→ **Information provided**
━━━━━━━━━━
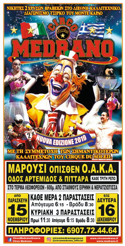 Το διάσημο Ιταλικό CIRCO MEDRANO το τσίρκο των πιο όμορφων αναμνήσεών μας μετά την νέα επιτυχημένη περιοδεία του στην Ελλάδα με κομβικό σταθμό την παρουσία του στην 84η Διεθνή Έκθεση Θεσσαλονίκης, έφτασε τώρα και στην Αθήνα, στο Μαρούσι όπισθεν Ο.Α.Κ.Α επι των οδών Πιτταρά & Αρτέμιδος στο Τέρμα Λεωφορείων 600μ από σταθμούς ΕΙΡΗΝΗ & ΝΕΡΑΤΖΙΩΤΙΣΣΑ – ΑΠΟ ΠΑΡΑΣΚΕΥΗ 15 ΝΟΕΜΒΡΙΟΥ ΜΕΧΡΙ ΔΕΥΤΕΡΑ 16 ΔΕΚΕΜΒΡΙΟΥ 2019 – με 2 καθημερινές παραστάσεις στις 18:15 και 20:30 – εκτός Τρίτης που υπάρχει ρεπό – και την Κυριακή με 3 παραστάσεις στις 11:30, 18:15 και 20:30.
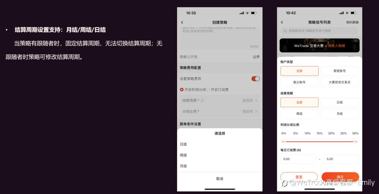 2.跟单社区的利润分成策略结算周期由仅支持月结升级为支持月结,周结,日结,让客户拥有更多选择。
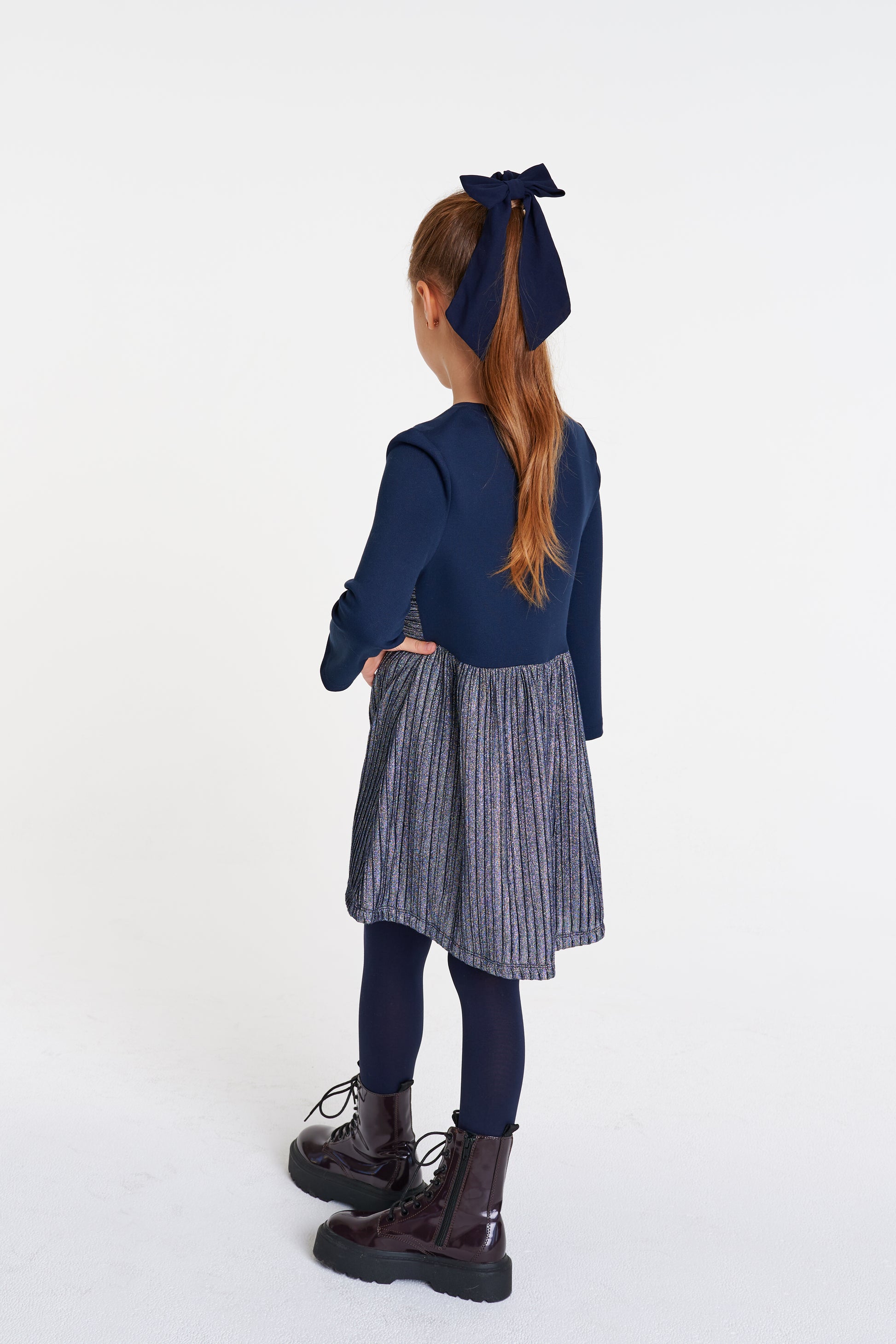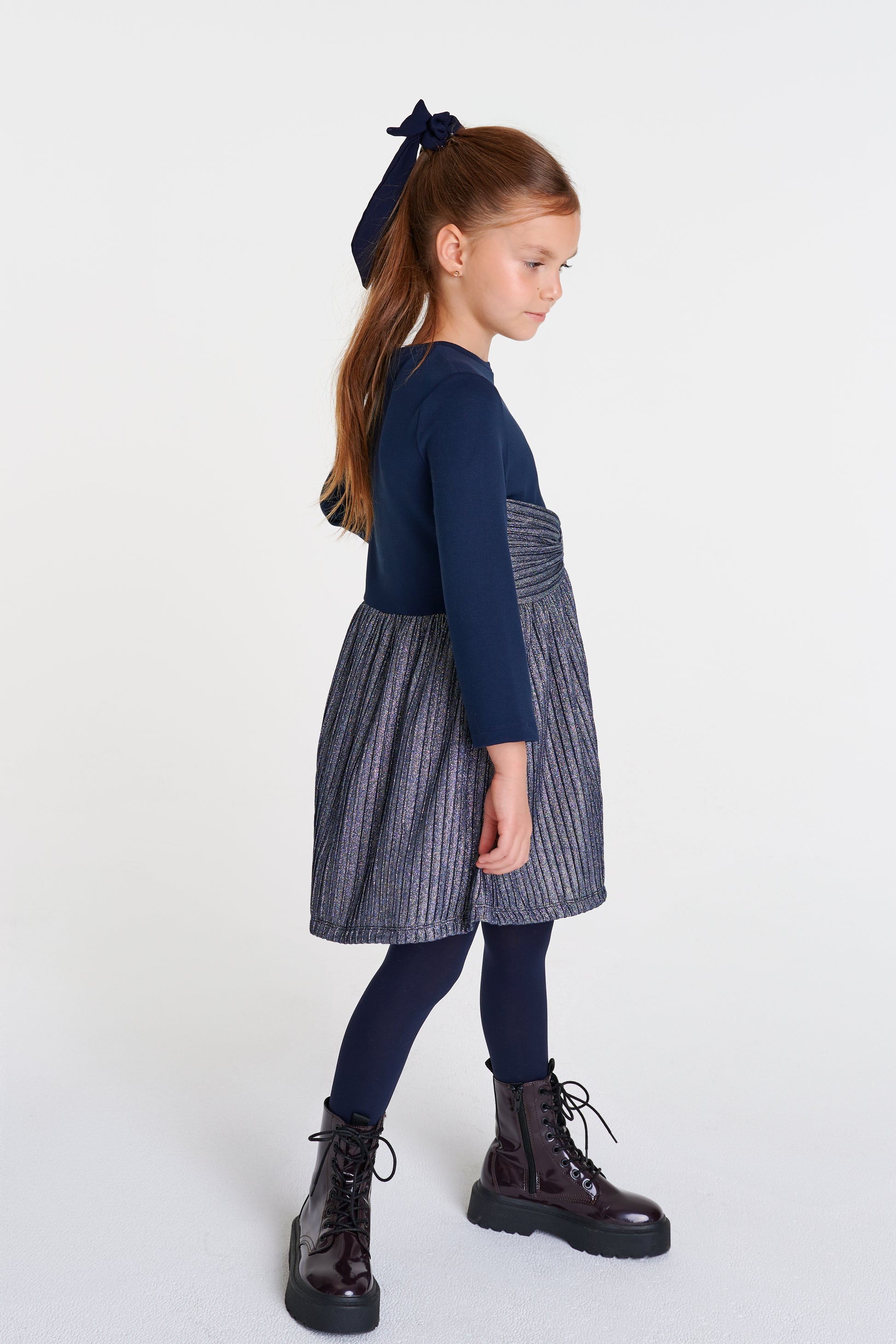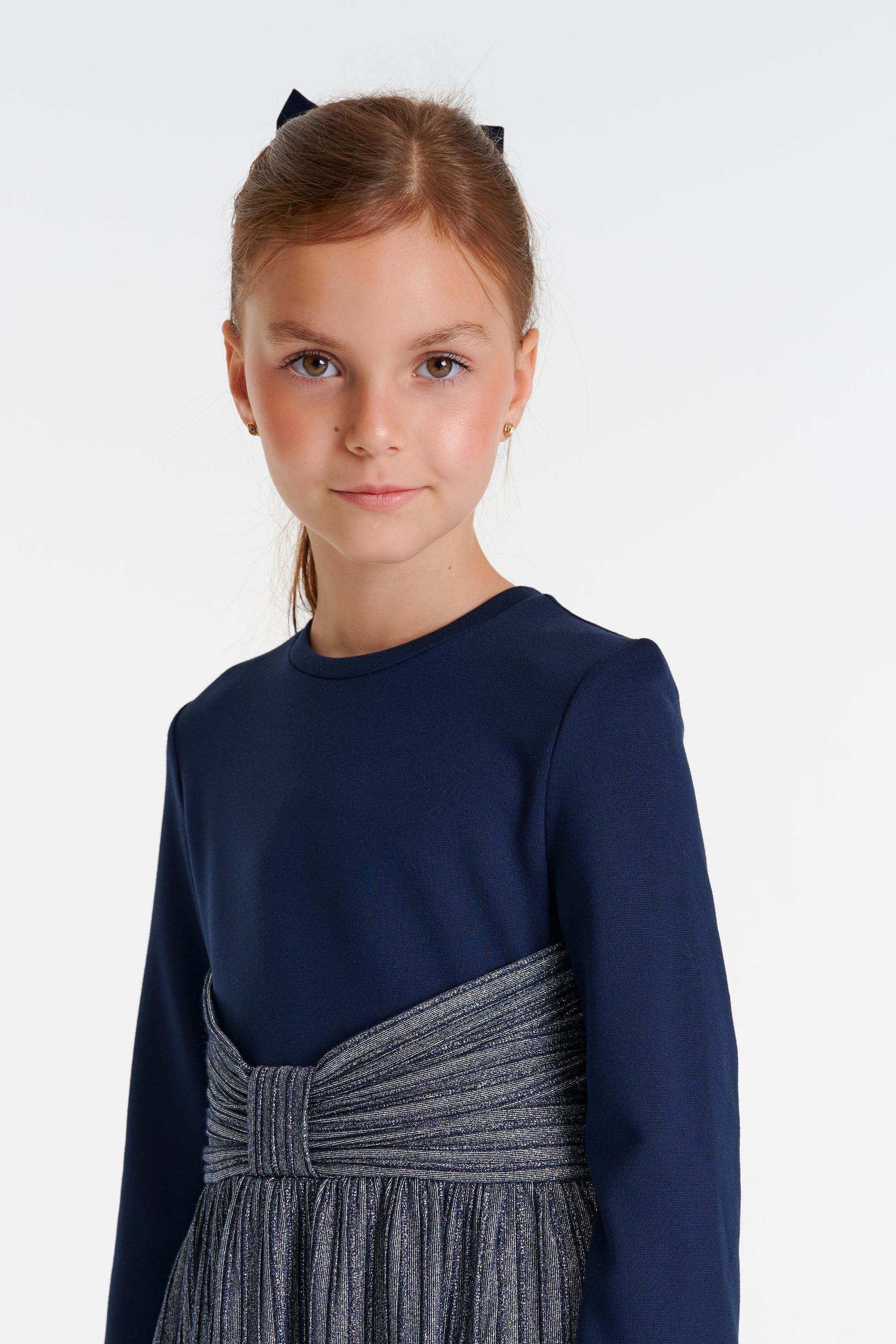 Navy Shimmer Bow Waisted Dress DSL0463
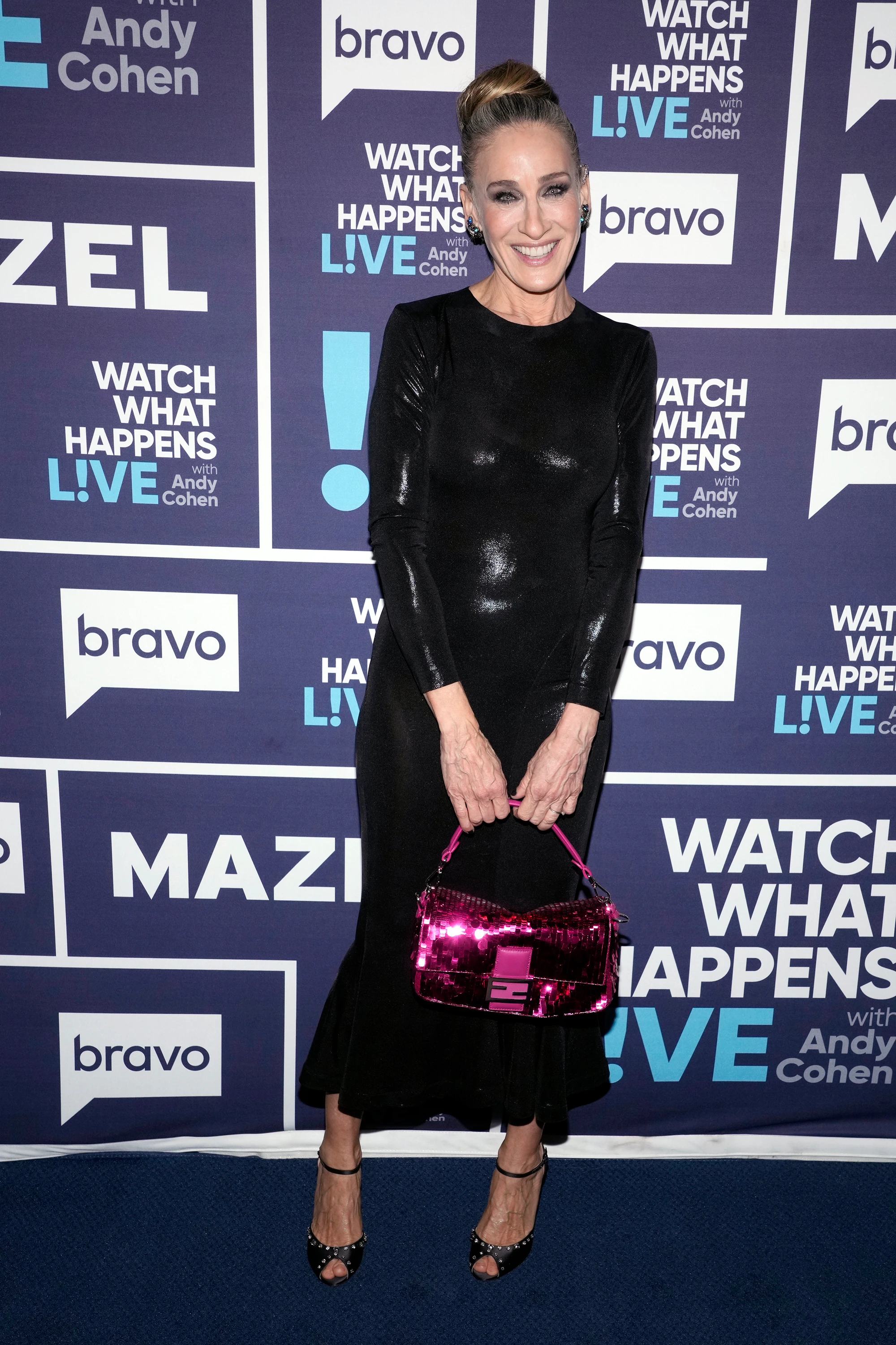 Rögtön utána a nagyon jó barátja, Andy Cohen műsorának volt a vendége, ahol többek között megtárgyalták Samantha hiányát az És egyszer csak... sorozatból, férjével, Matthew Broderick-kel közös első csókjukat, vagy éppen azokat a szetteket, amiket megbánt a múltjából. Mindezt pedig egy nagyon sikkes, fényes fekete szettben teszi, annyira jól néz ki!
━━━━━━━━━━
Starting at the line that holds "2.跟单社区的利润分成策略结", reproduce each line through the last one of the listing, and nothing more; the pictures stay out.

 2.跟单社区的利润分成策略结算周期由仅支持月结升级为支持月结,周结,日结,让客户拥有更多选择。
 Navy Shimmer Bow Waisted Dress DSL0463
 Rögtön utána a nagyon jó barátja, Andy Cohen műsorának volt a vendége, ahol többek között megtárgyalták Samantha hiányát az És egyszer csak... sorozatból, férjével, Matthew Broderick-kel közös első csókjukat, vagy éppen azokat a szetteket, amiket megbánt a múltjából. Mindezt pedig egy nagyon sikkes, fényes fekete szettben teszi, annyira jól néz ki!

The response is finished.